Work instructions: Below this line is a listing that includes pictures. Copy exactly, and only, the lines from the one containing "Digicharge compatible for" through the one containing "Listar Todas Voltar"; the pictures do not go in the copy.

Provided data:
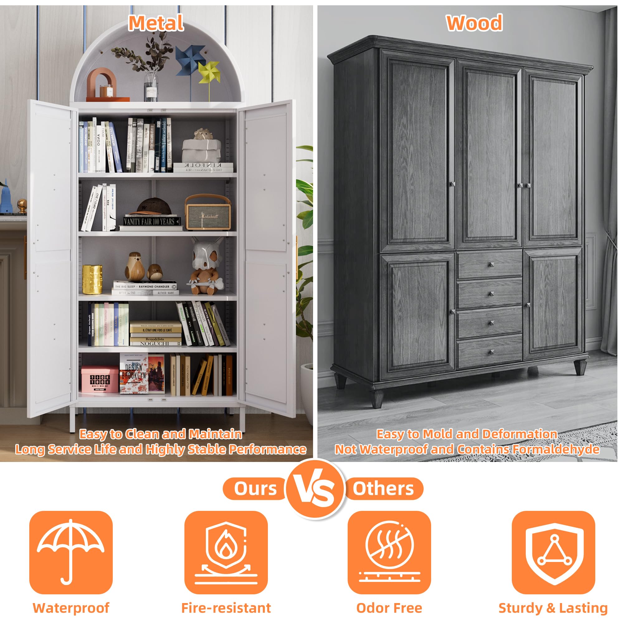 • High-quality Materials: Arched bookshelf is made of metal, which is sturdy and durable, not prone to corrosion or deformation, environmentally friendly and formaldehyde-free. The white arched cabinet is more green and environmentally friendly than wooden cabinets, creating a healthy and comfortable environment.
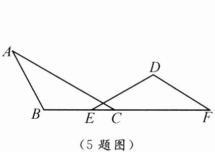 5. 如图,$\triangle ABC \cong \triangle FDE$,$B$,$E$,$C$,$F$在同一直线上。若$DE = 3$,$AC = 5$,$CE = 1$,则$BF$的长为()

---

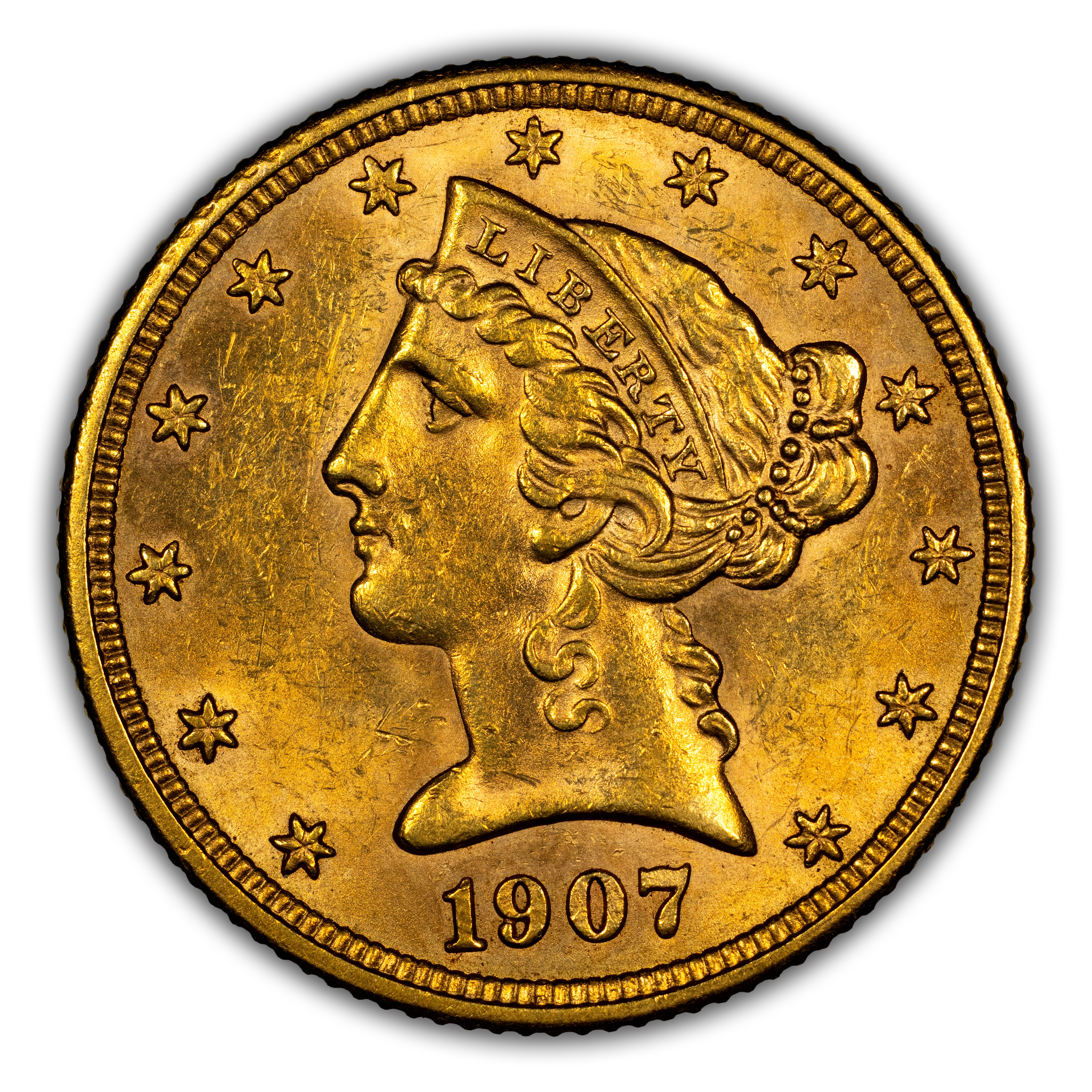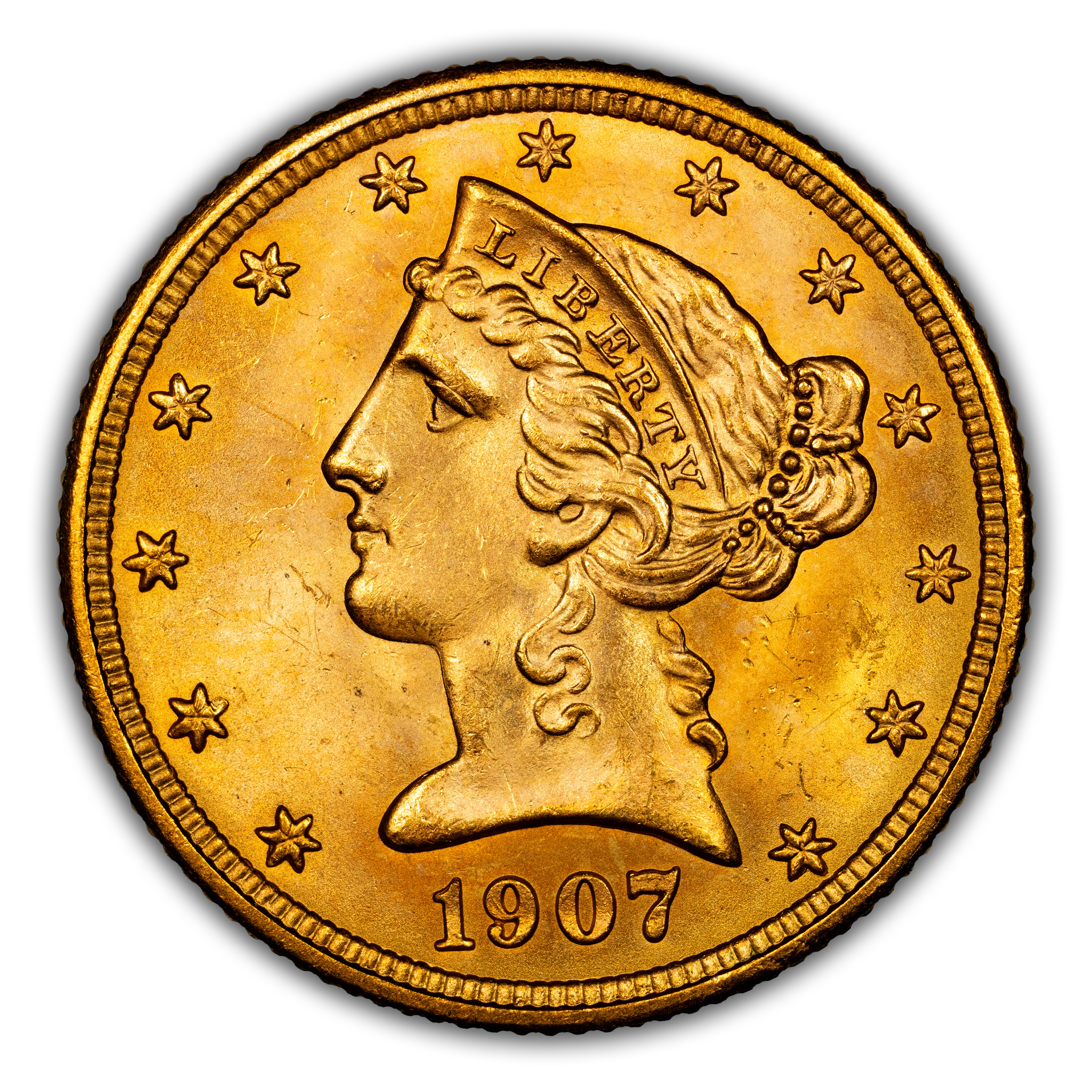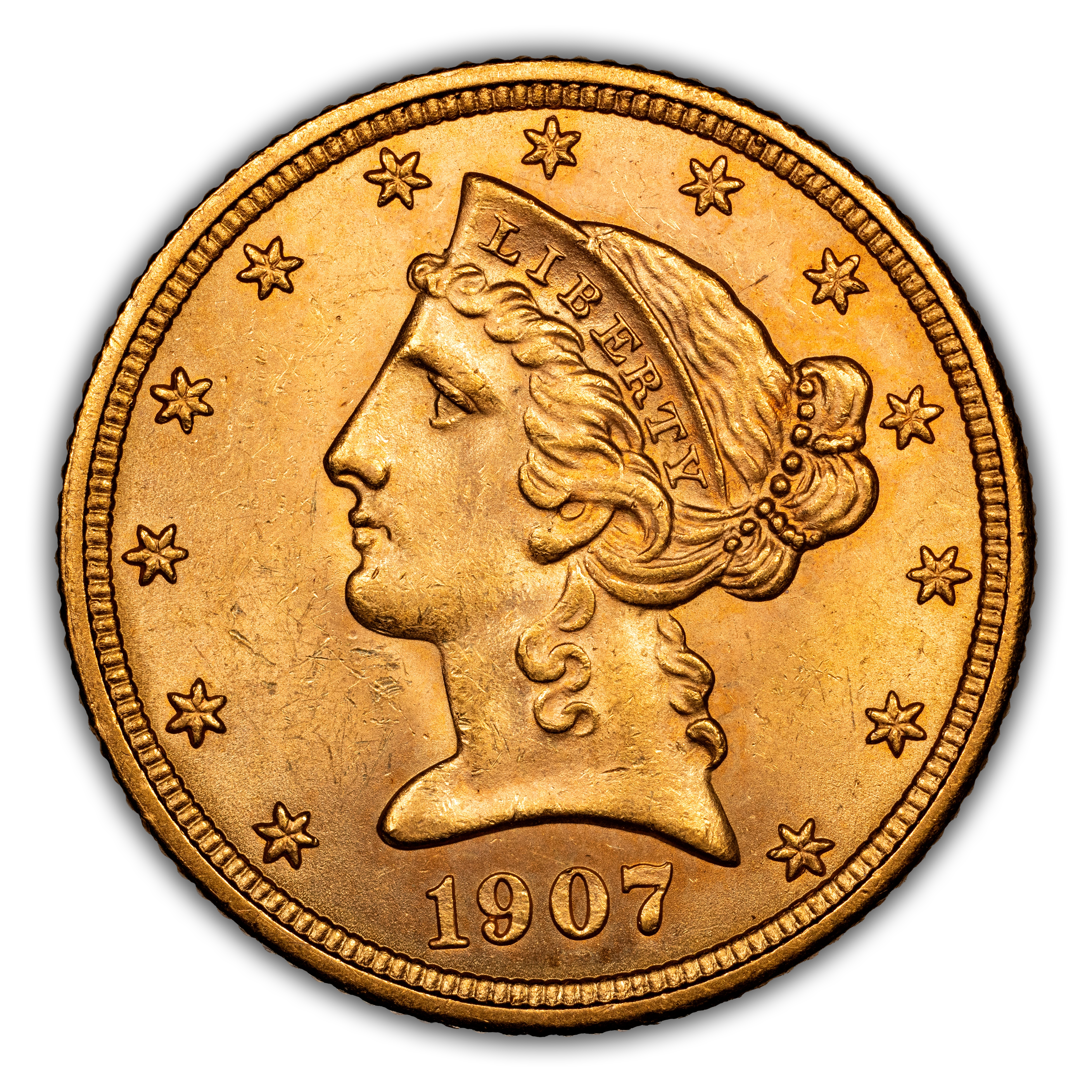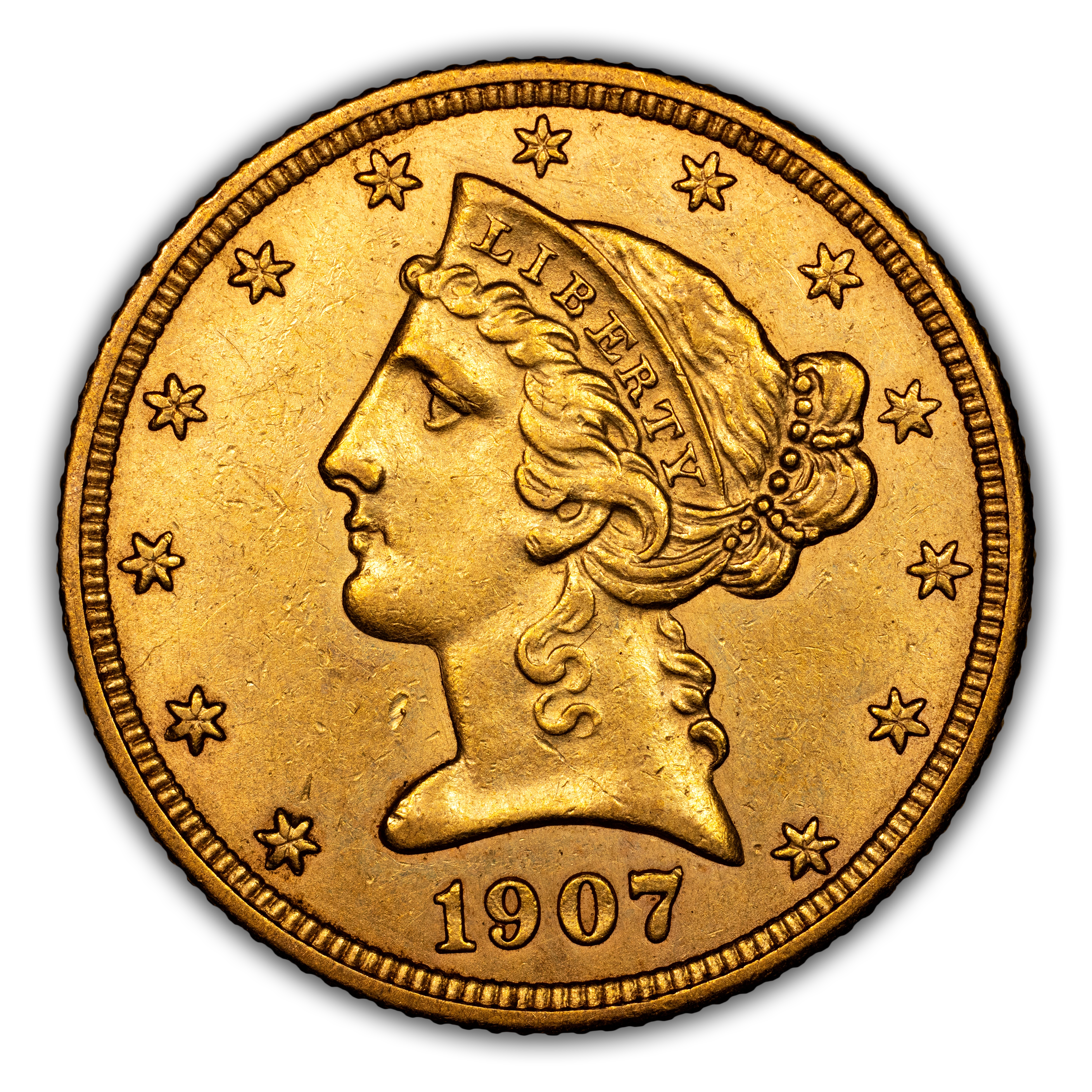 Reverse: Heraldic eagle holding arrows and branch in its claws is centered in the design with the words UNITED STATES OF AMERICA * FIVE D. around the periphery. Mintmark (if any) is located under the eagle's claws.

* * *

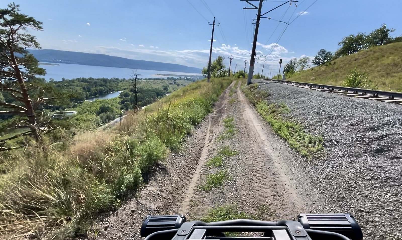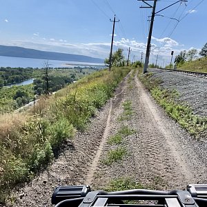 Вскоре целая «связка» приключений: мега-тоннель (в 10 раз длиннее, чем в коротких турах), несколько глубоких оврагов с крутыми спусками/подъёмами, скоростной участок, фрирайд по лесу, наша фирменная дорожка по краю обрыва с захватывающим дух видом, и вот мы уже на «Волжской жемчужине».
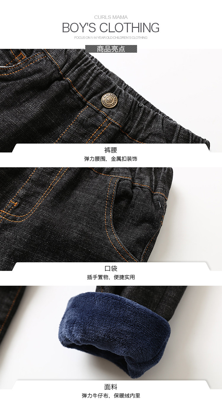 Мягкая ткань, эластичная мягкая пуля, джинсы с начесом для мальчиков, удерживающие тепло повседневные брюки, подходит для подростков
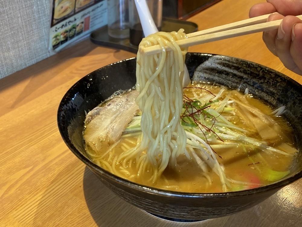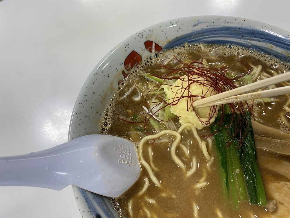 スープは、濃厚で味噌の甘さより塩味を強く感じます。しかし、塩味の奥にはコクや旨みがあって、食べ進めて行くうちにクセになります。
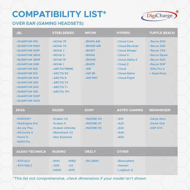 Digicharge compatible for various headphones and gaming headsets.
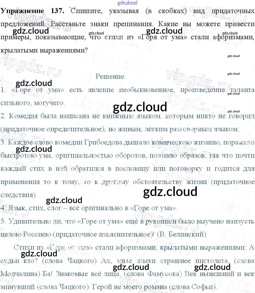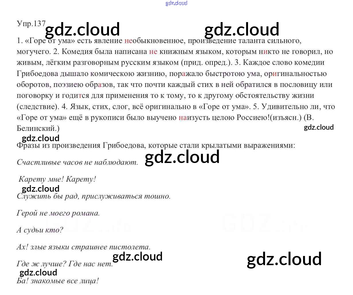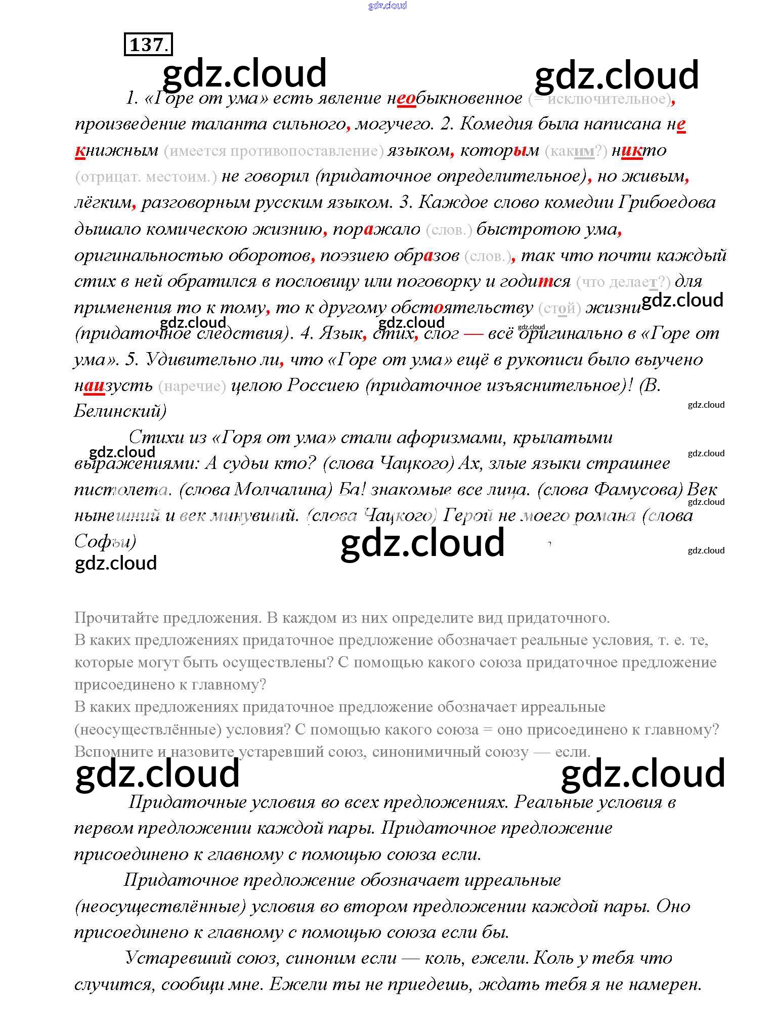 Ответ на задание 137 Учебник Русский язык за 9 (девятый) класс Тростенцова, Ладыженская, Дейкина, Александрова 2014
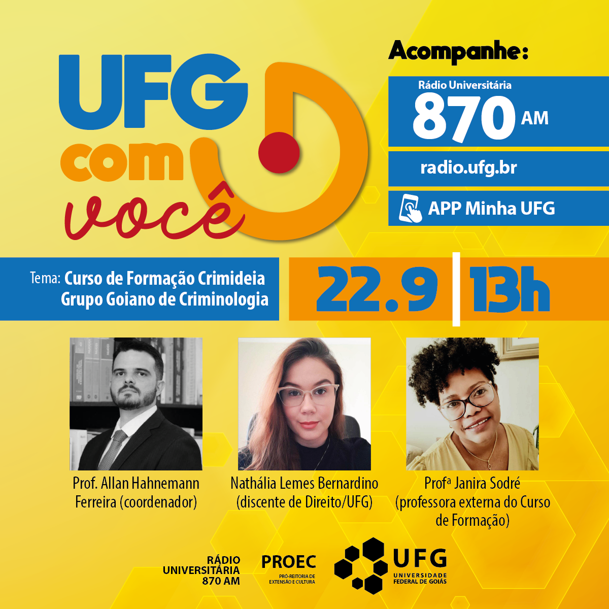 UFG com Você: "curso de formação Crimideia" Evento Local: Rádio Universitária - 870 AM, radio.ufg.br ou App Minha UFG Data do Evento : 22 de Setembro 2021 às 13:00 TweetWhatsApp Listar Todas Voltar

Task output:
 Digicharge compatible for various headphones and gaming headsets.
 Ответ на задание 137 Учебник Русский язык за 9 (девятый) класс Тростенцова, Ладыженская, Дейкина, Александрова 2014
 UFG com Você: "curso de formação Crimideia" Evento Local: Rádio Universitária - 870 AM, radio.ufg.br ou App Minha UFG Data do Evento : 22 de Setembro 2021 às 13:00 TweetWhatsApp Listar Todas Voltar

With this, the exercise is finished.